First, we convert the velocities from km/h to m/s:
Initial velocity (u) = 19,300 km/h * (1,000 m/1 km) * (1 h/3600 s) = 5,361.1 m/s
Final velocity (v) = 1,600 km/h * (1,000 m/1 km) * (1 h/3600 s) = 444.4 m/s

Using the equation v = u + at, we can solve for acceleration (a):
a = (v - u) / t
a = (444.4 m/s - 5,361.1 m/s) / 240 s
a = -4,916.7 m/s / 240 s
a ≈ -20.49 m/s^2

Therefore, the acceleration during Stage A is approximately -20.49 m/s^2. The negative sign indicates that the acceleration is in the opposite direction of the initial velocity.

For Stage B:
Given:
Initial velocity (u) = 1,600 km/h
Final velocity (v) = 321 km/h
Time (t) = 94 seconds

Converting velocities to m/s:
Initial velocity (u) = 444.4 m/s
Final velocity (v) = 321 km/h * (1,000 m/1 km) * (1 h/3600 s) = 89.2 m/s

Using the equation v = u + at, we can solve for acceleration (a):
a = (v - u) / t
a = (89.2 m/s - 444.4 m/s) / 94 s
a = -355.2 m/s / 94 s
a ≈ -3.78 m/s^2

Therefore, the acceleration during Stage B is approximately -3.78 m/s^2.

For Stage C:
Given:
Initial velocity (u) = 321 km/h
Final velocity (v) = 0 m/s
Distance (s) = 75 m

Converting the initial velocity to m/s:
Initial velocity (u) = 321 km/h * (1,000 m/1 km) * (1 h/3600 s) = 89.2 m/s

Using the equation v^2 = u^2 + 2as, where v = 0 m/s, we can solve for acceleration (a):
a = (v^2 - u^2) / (2s)
a = (0 - (89.2 m/s)^2) / (2 * 75m)
a = -7,939.84 m^2/s^2 / 150 m
a ≈ -52.93 m/s^2

Therefore, the acceleration during Stage C is approximately -52.93 m/s^2.

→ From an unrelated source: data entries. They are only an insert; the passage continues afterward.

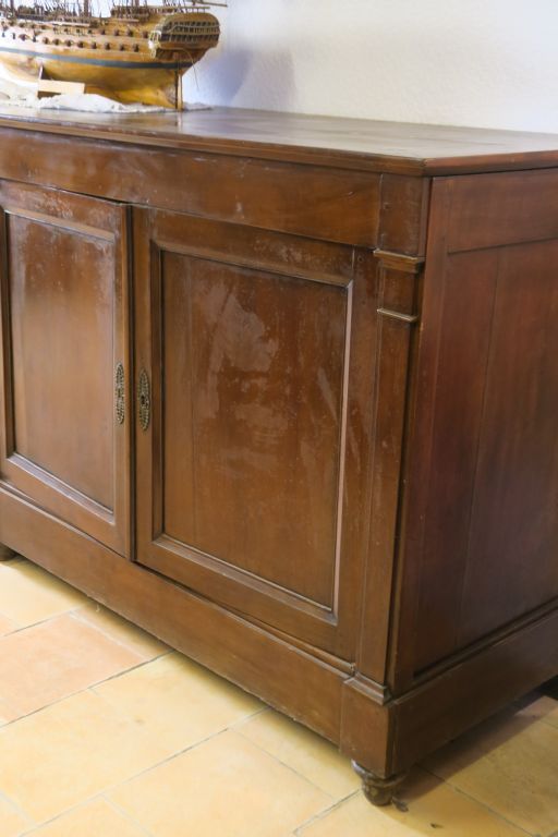 Grande enfilade XIXèmede style Empire en acajou et placage d'acajou ouvrant à quatre vantaux, dessus bois. Dim. 269 x 111 x 64 cm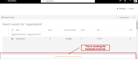 We are having an issue when searching in a document library where the "Expand search to all items in this site" dialog at the bottom of the page is covering the horizontal scroll bar. Makes it hard...
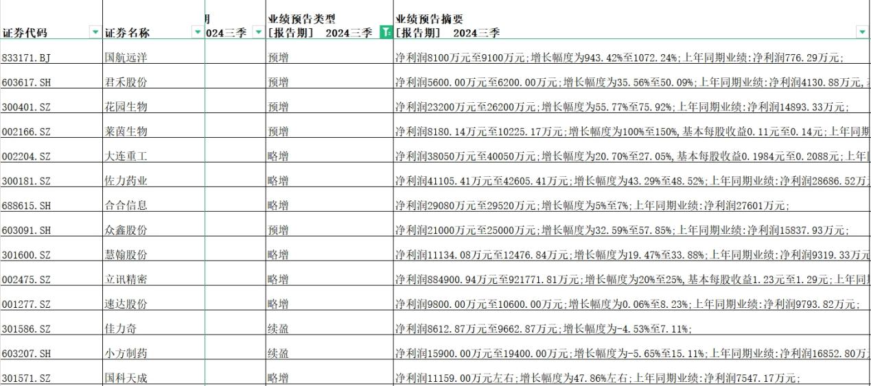 三季度净利润涨幅前三分别为国航远洋、莱茵生物、花园生物,净利润涨幅分别为943.42%至1072.24%、100%至150%、55.77%至75.92%。

Now, to find the total distance traveled during each stage:

For Stage A, we need to find the average velocity and multiply it by the time:
Average velocity = (u + v) / 2
Average velocity = (5,361.1 m/s + 444.4 m/s) / 2 = 2,902.75 m/s
Distance traveled during Stage A = Average velocity * Time
Distance traveled during Stage A = 2,902.75 m/s * 240 s = 696,660 m

Converting the distance from meters to kilometers:
Distance traveled during Stage A = 696,660 m * (1 km/1,000 m) = 696.66 km

For Stage B, the distance traveled is given as 75 m.

For Stage C, the distance traveled is also given as 75 m.

Therefore, the total distance traveled during stages A, B, and C is:
Total distance = Distance during Stage A + Distance during Stage B + Distance during Stage C
Total distance = 696.66 km + 75 m * (1 km/1,000 m) + 75 m * (1 km/1,000 m)
Total distance = 696.66 km + 0.075 km + 0.075 km
Total distance ≈ 696.81 km

Therefore, the total distance traveled during stages A, B, and C is approximately 696.81 km.